For Protégé, the company wants faster response hours and models that are better for cases of legal use. So it turned to what Riehl called the “fine-tuned” versions of the models, essentially smaller weight versions of LLMs or distilled models.
“You don't need a GPT-4O to do the analysis of a query, so we use it for more sophisticated work, and we switch models,” he said.
When a user asks Protégé a question about a specific case, this first model is Pings is a neat metral “for query analysis, then determine what the purpose and purpose of that query” before moving to the model best suited to complete the task. Riehl said the next model could be an LLM that generates new queries for the search engine or another model that summarizes the results.
So far, Lexisnexis most relies on a smooth mistral model even though Riehl said it used a well-toneable version of Claude “when it first came out; we didn't use it in the product today but in other ways.” Lexisnexis is also interested in using other Openai models especially since the company came out with new Fine Tuning Strengthening Establishments Last year. Lexisnexis is in the process of evaluating Openai's reasoning models including O3 for its platforms.
Riehl added that it can also look at the use of Gemini models from Google.
Lexisnexis supports all AI platforms with its own graph of knowledge to perform the capabilities of acquiring Augmented Generation (RAG), especially as Protégé can help launch agent processes later.
The AI legal suite
Even before the arrival of Generative AI, Lexisnexis tried the possibility of putting chatbots to work in the legal industry. In 2017, the The company tried an Ai assistant That would compete with IBM's Watson-powered Ross and Protégé sitting on the company's Lexisnexis + AI platform, which combined Lexisnexis' AI services.

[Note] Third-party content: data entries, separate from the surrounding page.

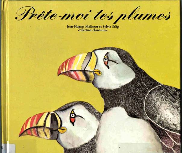 Illustration 1. 1re de couverture de Jean-Hugues Malineau, Prête-moi tes plumes, ill. Sylvie Selig, École des loisirs, coll. « Chanterime », 1978.
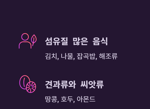 - 섬유질이 많은 음식 (김치, 나물, 잡곡밥, 해조류)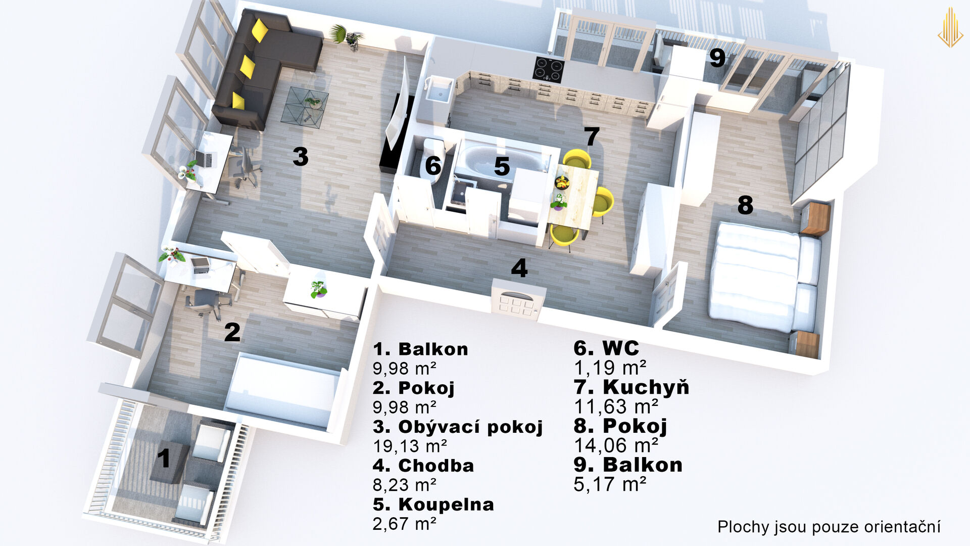 Dvě ložnice, každá s vlastním balkónem (celkem 7,7 m²)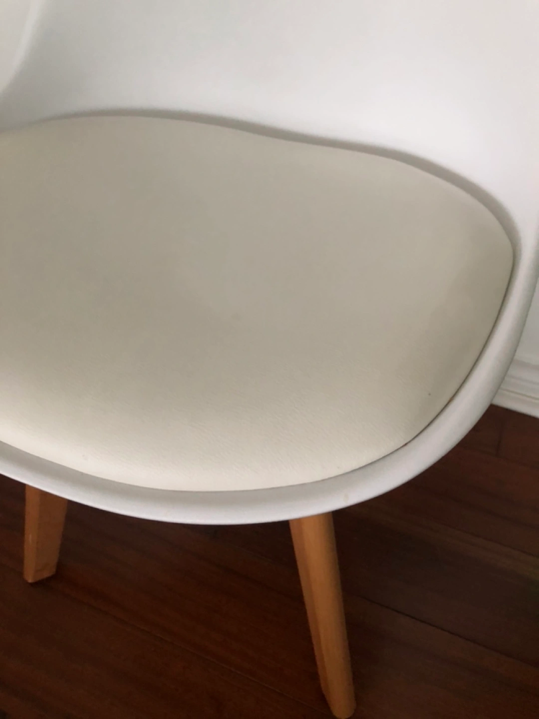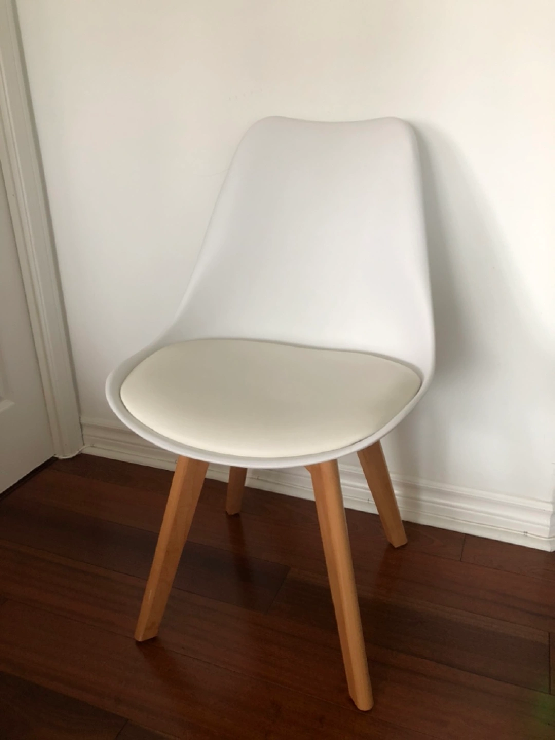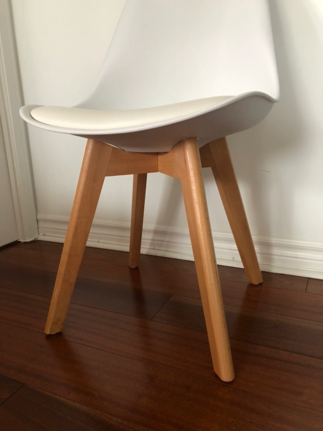 Stylish and comfortable chair. White plastic shell with off-white cushion. Light wood legs. Great for kitchen or dining room.
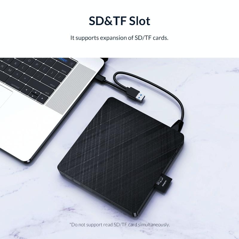 7. Supported reading types: DVD ROM (single layer), DVD ROM (double layer), DVD+R/DVD-R, DVD+R DL/DVD-R DL, DVD+RW/DVD-RW, DVD RAM, CD ROM/ finalized CD RW, Data/CD-DAE, Video CD, finalized CD RW. Unfinalized CD-R/RW, TF card SD card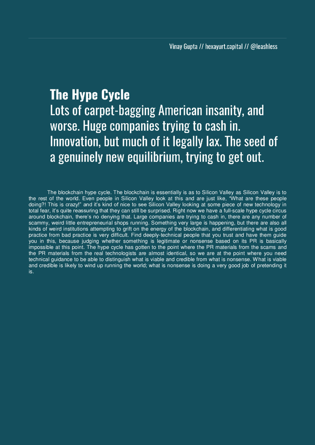 to Silicon Valley as Silicon Valley is to the rest of the world. Even people in Silicon Valley look at this and are just like, “What are these people doing?! This is crazy!” and it’s kind of nice to see Silicon Valley looking at some piece of new technology in total fear, it’s quite reassuring that they can still be surprised. Right now we have a full-scale hype cycle circus around blockchain, there’s no denying that. Large companies are trying to cash in, there are any number of scammy, weird little entrepreneurial shops running. Something very large is happening, but there are also all kinds of weird institutions attempting to grift on the energy of the blockchain, and differentiating what is good practice from bad practice is very difficult. Find deeply-technical people that you trust and have them guide you in this, because judging whether something is legitimate or nonsense based on its PR is basically impossible at this point. The hype cycle has gotten to the point where the PR materials from the scams and the PR materials from the real technologists are almost identical, so we are at the point where you need technical guidance to be able to distinguish what is viable and credible from what is nonsense. What is viable and credible is likely to wind up running the world; what is nonsense is doing a very good job of pretending it is.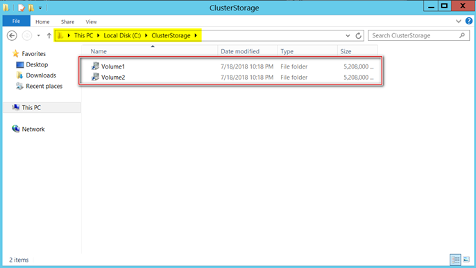 It provides us with a very highly scalable solution where we can have virtually unlimited disk drives with no dependency on the drive letters. You can see in the below screenshot how CSVs get created when deployed. Basically, a folder named ‘ClusterStorage’ gets created under C$ on every node within the windows server failover cluster under which CSVs are placed. You can log in to any node of the cluster to access these disk drives.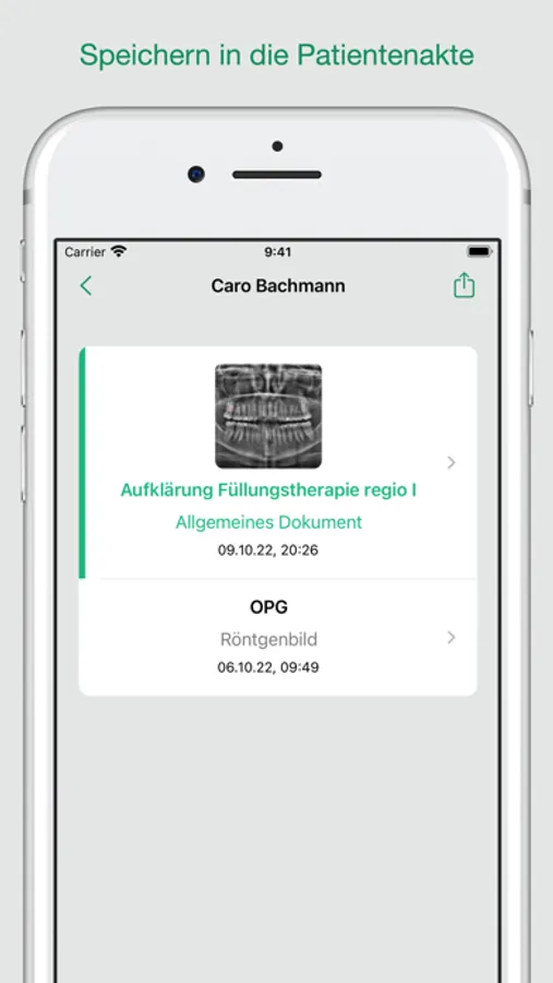 Machen Sie Fotos und scannen Sie beliebige Dokumente mit der App. Die Dateien werden in der teemer-Patientenakte abgelegt.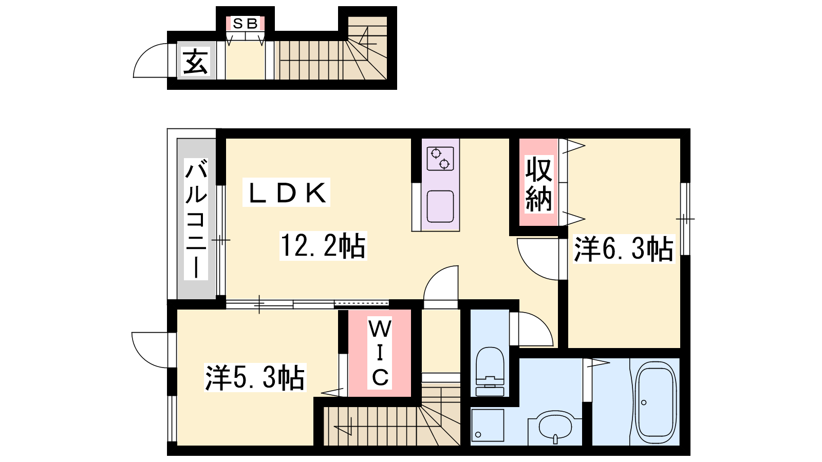 - LDK12.2帖、洋室6.3帖、洋室5.3帖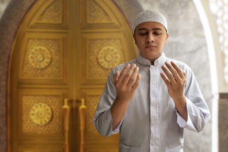 Asian Muslim man standing while raised hands and praying on the mosque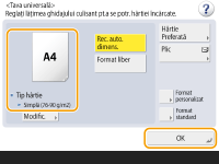 ![]() | Aveţi grijă ca setarea pentru formatul hârtiei din sertar să corespundă formatului de hârtie care se va încărca în sertar. |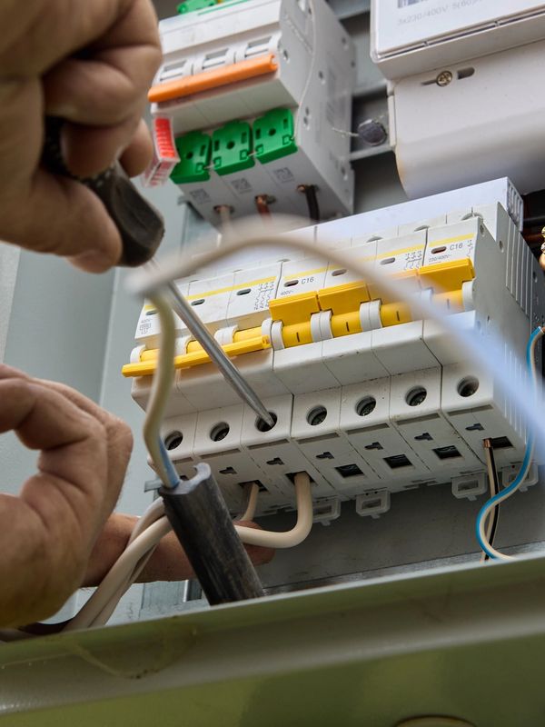 Problēmu novēršana elektroskapī: Bojātu automātu nomaiņa, savienojumu pievilkšana, marķējuma atjaunināšana.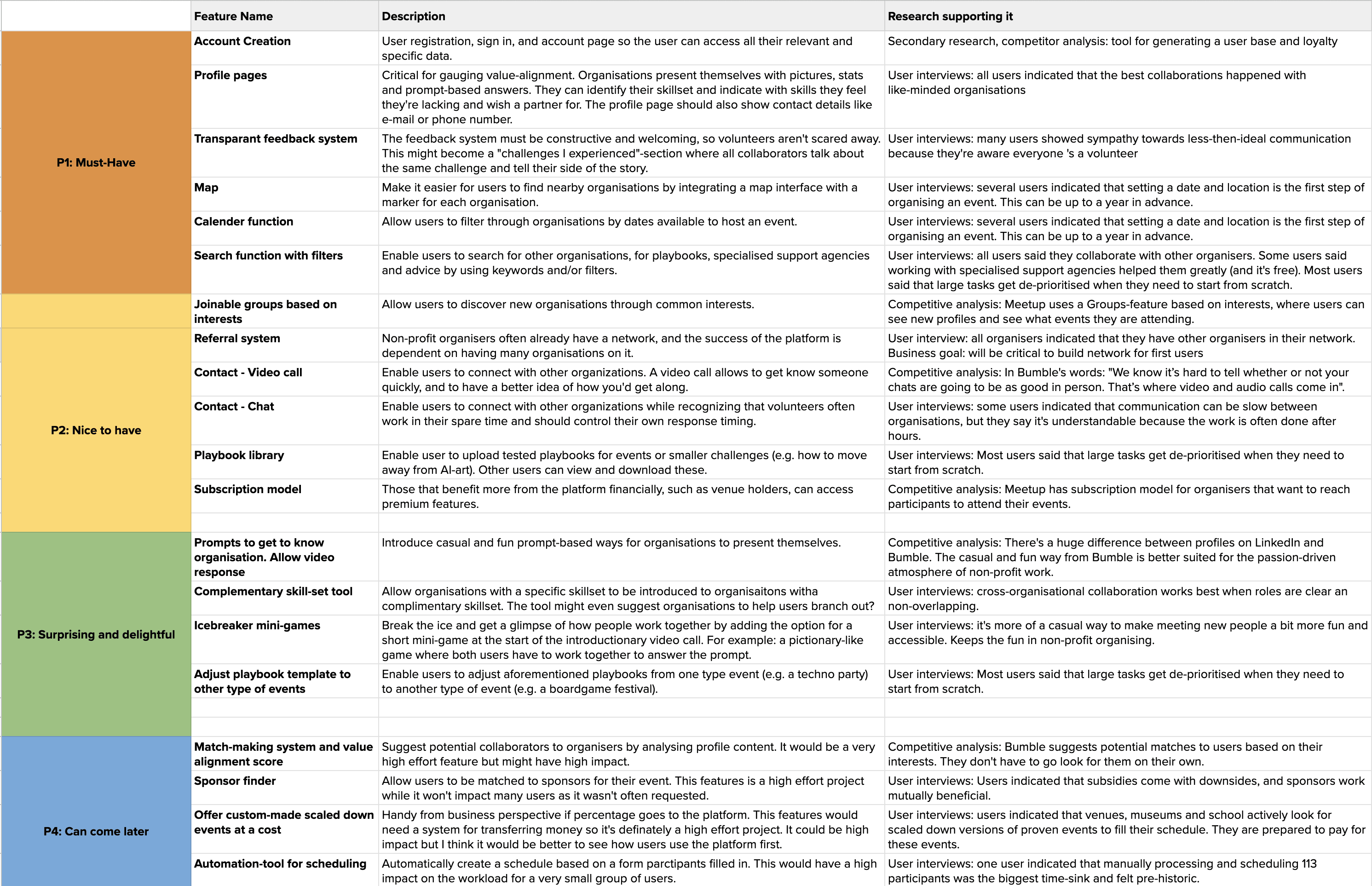 Starting from the viewpoint of the persona’s, I compiled a list of desired features. They’re listed by priority in the feature roadmap.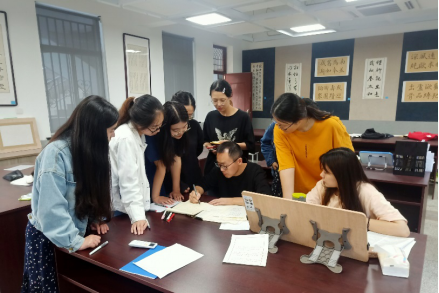 9月21日上午,乔爱军老师与我院院长曹如军在师范生技能书写教学和未来发展规划等方面进行了深入的交流,之后参观了我院书法教室并与我院师训教研室主任张曦敏老师共同研讨了书写教学工作,就师范生书写现状和对自己的教学规划做了阐述,并解答了部分学生在书写过程中的一些困难,使在场师生受益匪浅。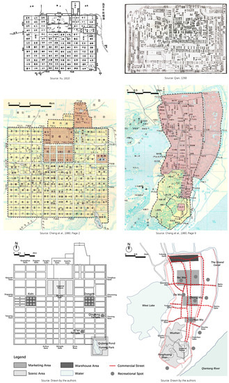 Additionally, many relevant studies on Hangzhou’s urban pattern and structure evolution are qualitative research with no or only raw historic maps and lack a spatial perspective [23,37,56]. By contrast, we introduce and merge the data and information of classic ancient texts and historic maps to display the dynamic transformation of Hangzhou, through graphic analysis of the structuring of the same urban commercial elements, such as the streets, districts, and complexes, generating, inheriting, revitalizing, and reutilizing urban heritages. Through tracing the sequential changes in the same spatial elements on maps, we believe that Hangzhou’s shaping and restructuring process is more clearly displayed than through pure text or individual graphics (Figure 8).

Protégé helps law companies with activities that tend to do paralegals or companions. It helps to write legal briefs and complaints based on companies' documents and data, suggesting legal workflows in the next steps, suggesting new signals that refine searches, draft questions for deposits and discovery, link quotes to the file complex legal document.
“We see Protégé as an initial step in personalizing and agent capabilities,” Riehl said. “Think about different types of lawyers: M & A, Litigators, Real Estate. It continues to get more and more personalized based on the specific work you do. Our vision is that every legal professional will have a personal assistant to help them do their work based on what they are doing, not what other lawyers do.”
Protégé is now competing against other legal research and technology platforms. Thomson Reuters customized Openai's O1-mini-model for its Cocounsel Legal Assistant. Harvey, that's it Raised $ 300 million From investors including Lexisnexis, there is also an Ai Ai.